◆ Material provided
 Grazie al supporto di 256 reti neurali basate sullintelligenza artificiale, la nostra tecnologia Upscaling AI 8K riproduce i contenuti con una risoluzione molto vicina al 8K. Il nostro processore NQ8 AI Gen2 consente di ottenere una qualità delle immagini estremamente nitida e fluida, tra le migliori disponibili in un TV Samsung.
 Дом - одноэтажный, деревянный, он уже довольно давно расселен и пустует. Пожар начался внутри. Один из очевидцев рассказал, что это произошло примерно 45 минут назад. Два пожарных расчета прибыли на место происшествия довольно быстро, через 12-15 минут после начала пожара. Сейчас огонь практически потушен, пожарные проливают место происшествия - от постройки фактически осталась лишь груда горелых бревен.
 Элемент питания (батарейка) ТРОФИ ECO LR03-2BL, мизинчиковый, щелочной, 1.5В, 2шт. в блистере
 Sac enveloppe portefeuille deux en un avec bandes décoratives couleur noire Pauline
* * *
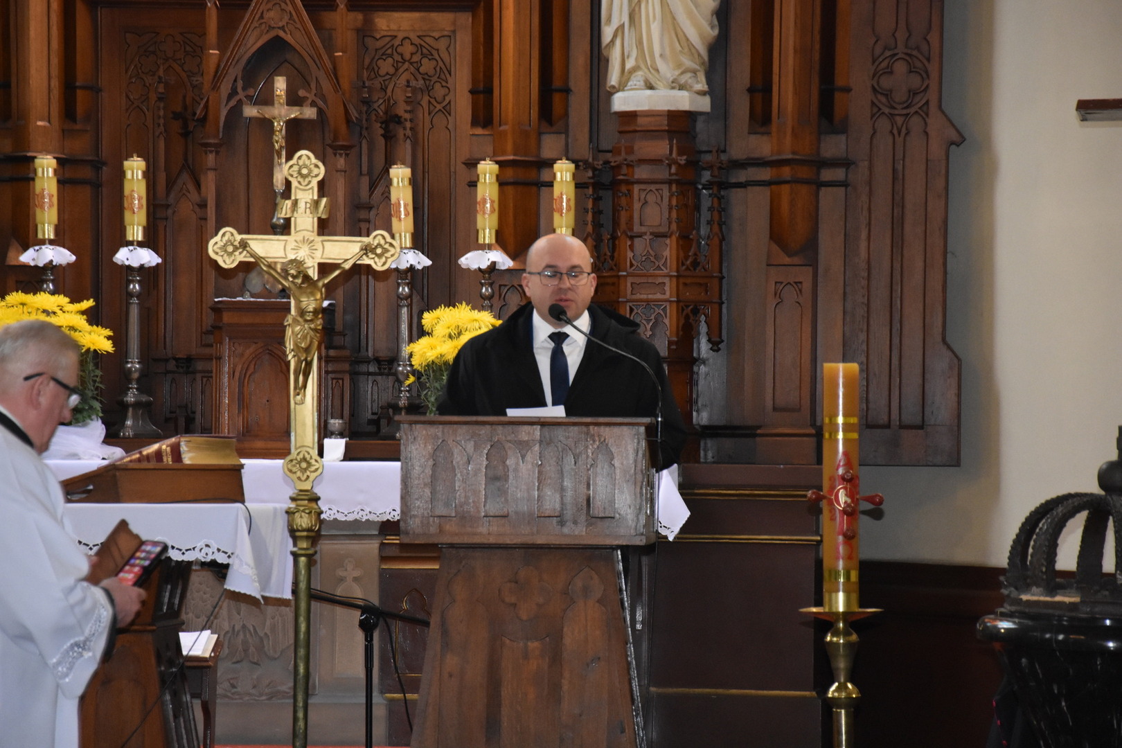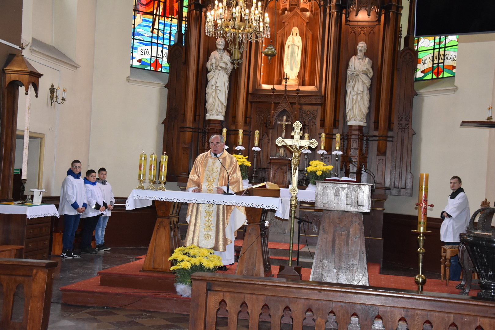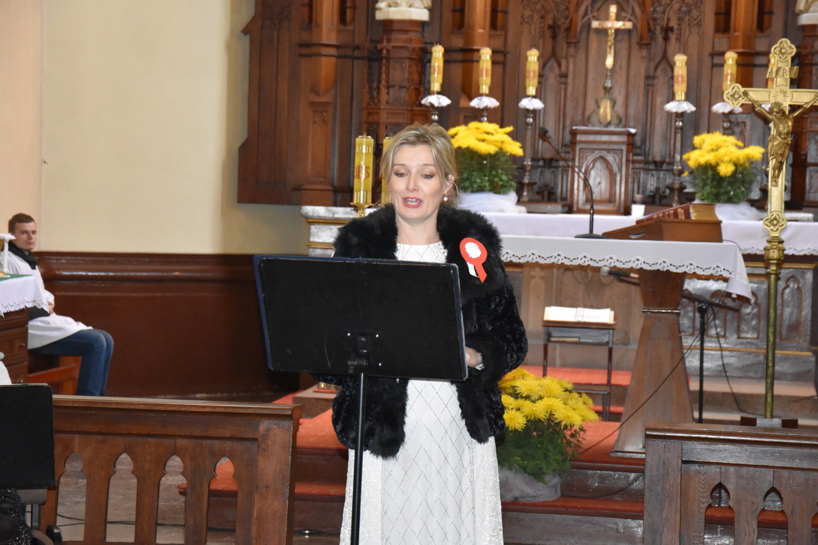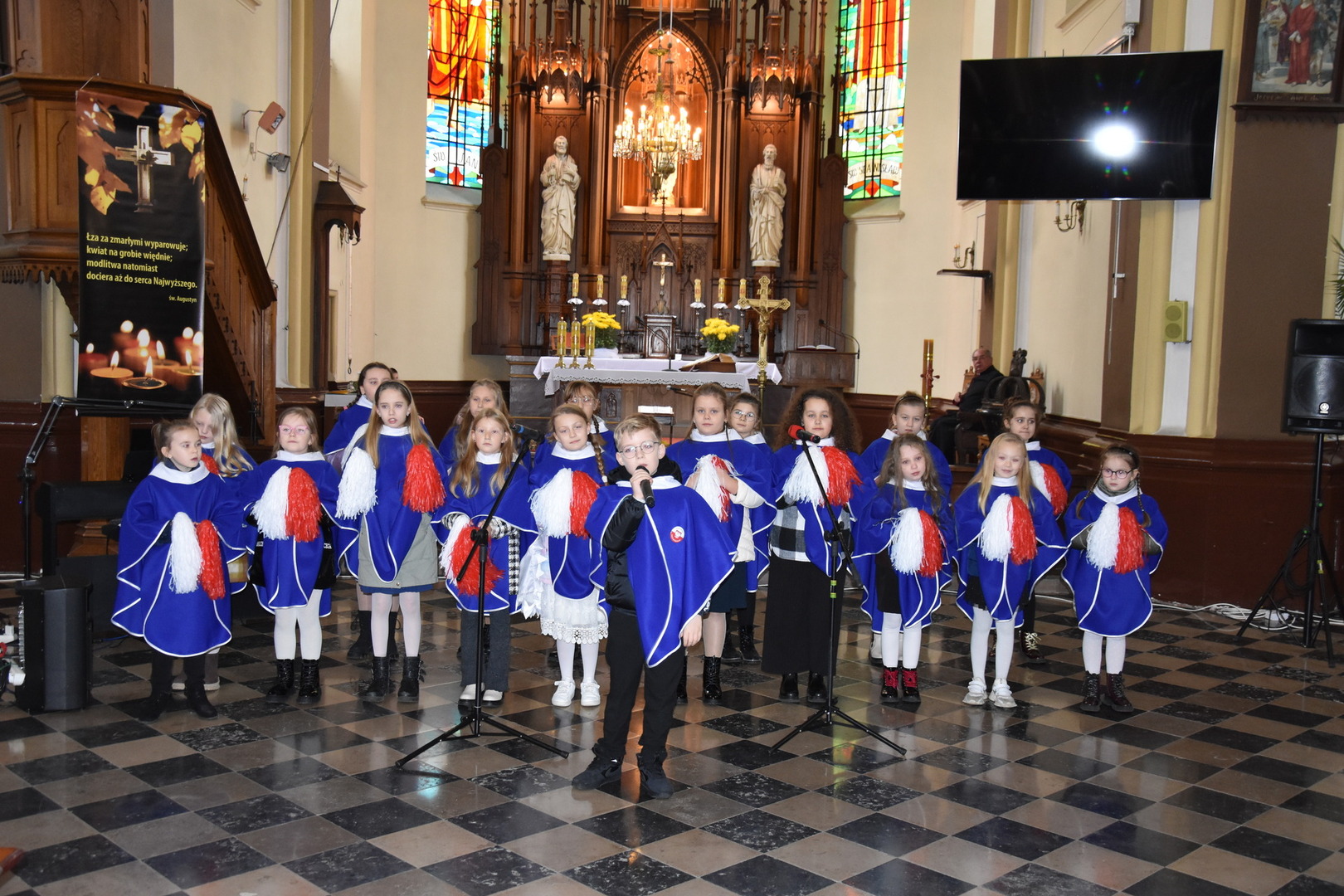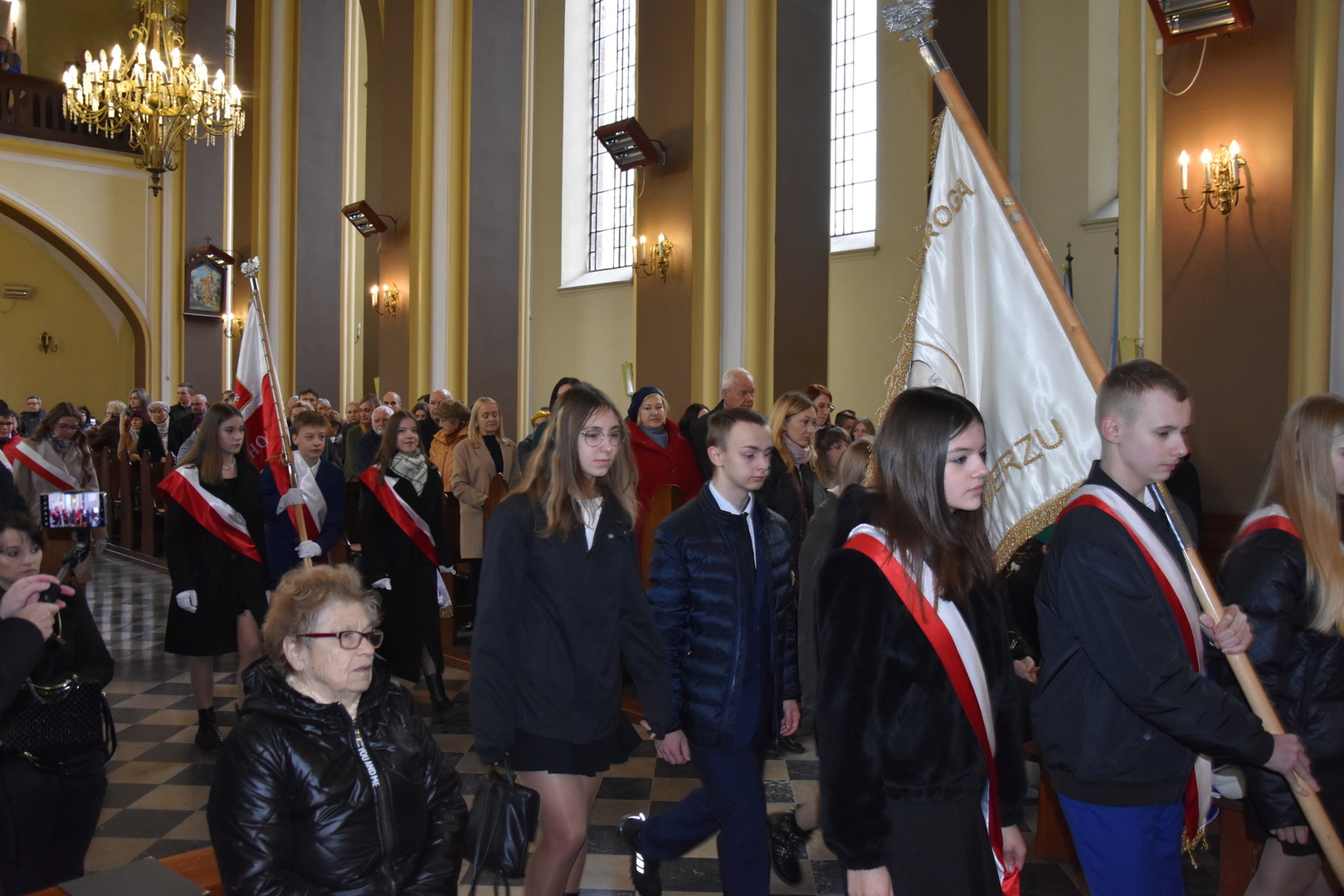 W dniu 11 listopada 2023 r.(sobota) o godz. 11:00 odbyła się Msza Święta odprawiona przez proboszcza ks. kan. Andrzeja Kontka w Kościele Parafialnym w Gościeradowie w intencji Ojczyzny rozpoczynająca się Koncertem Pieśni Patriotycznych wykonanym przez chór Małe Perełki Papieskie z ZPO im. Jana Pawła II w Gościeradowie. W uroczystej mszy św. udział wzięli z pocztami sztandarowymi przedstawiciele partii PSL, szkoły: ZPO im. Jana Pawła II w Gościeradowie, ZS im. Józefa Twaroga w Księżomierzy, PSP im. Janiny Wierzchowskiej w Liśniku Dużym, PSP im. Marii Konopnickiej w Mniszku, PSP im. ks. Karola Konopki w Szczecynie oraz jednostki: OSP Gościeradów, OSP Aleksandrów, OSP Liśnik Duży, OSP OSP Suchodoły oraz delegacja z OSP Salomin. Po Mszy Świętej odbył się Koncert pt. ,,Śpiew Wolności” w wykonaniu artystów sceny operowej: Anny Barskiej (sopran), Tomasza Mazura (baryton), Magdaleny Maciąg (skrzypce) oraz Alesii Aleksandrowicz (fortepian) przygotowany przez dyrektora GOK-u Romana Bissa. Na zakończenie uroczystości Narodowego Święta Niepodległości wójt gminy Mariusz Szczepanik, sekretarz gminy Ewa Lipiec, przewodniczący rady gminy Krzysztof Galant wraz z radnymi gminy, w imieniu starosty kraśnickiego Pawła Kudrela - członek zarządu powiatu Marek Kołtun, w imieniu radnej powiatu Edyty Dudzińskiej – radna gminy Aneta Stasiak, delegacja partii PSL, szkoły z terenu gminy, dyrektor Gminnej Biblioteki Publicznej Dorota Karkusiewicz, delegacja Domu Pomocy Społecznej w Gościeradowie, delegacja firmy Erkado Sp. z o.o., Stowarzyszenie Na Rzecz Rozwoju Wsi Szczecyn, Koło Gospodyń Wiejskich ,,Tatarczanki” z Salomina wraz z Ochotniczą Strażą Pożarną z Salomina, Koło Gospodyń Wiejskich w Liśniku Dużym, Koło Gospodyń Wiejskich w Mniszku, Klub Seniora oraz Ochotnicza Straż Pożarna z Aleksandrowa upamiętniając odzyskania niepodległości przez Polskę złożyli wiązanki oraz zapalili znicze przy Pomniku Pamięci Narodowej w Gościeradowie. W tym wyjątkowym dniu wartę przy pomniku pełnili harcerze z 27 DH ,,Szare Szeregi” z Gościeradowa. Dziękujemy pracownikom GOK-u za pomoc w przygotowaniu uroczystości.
==
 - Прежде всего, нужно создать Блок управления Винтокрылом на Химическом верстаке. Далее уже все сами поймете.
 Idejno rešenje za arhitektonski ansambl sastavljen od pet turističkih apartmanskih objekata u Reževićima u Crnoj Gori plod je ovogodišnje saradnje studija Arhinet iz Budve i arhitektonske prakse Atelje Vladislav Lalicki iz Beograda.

◆ To do
For this task, write out exactly the lines of the entries above, starting at the line with "Дом - одноэтажный, деревянный, он" and ending at the line with "Sac enveloppe portefeuille", both included, and no others.

◆ Completed exercise
 Дом - одноэтажный, деревянный, он уже довольно давно расселен и пустует. Пожар начался внутри. Один из очевидцев рассказал, что это произошло примерно 45 минут назад. Два пожарных расчета прибыли на место происшествия довольно быстро, через 12-15 минут после начала пожара. Сейчас огонь практически потушен, пожарные проливают место происшествия - от постройки фактически осталась лишь груда горелых бревен.
 Элемент питания (батарейка) ТРОФИ ECO LR03-2BL, мизинчиковый, щелочной, 1.5В, 2шт. в блистере
 Sac enveloppe portefeuille deux en un avec bandes décoratives couleur noire Pauline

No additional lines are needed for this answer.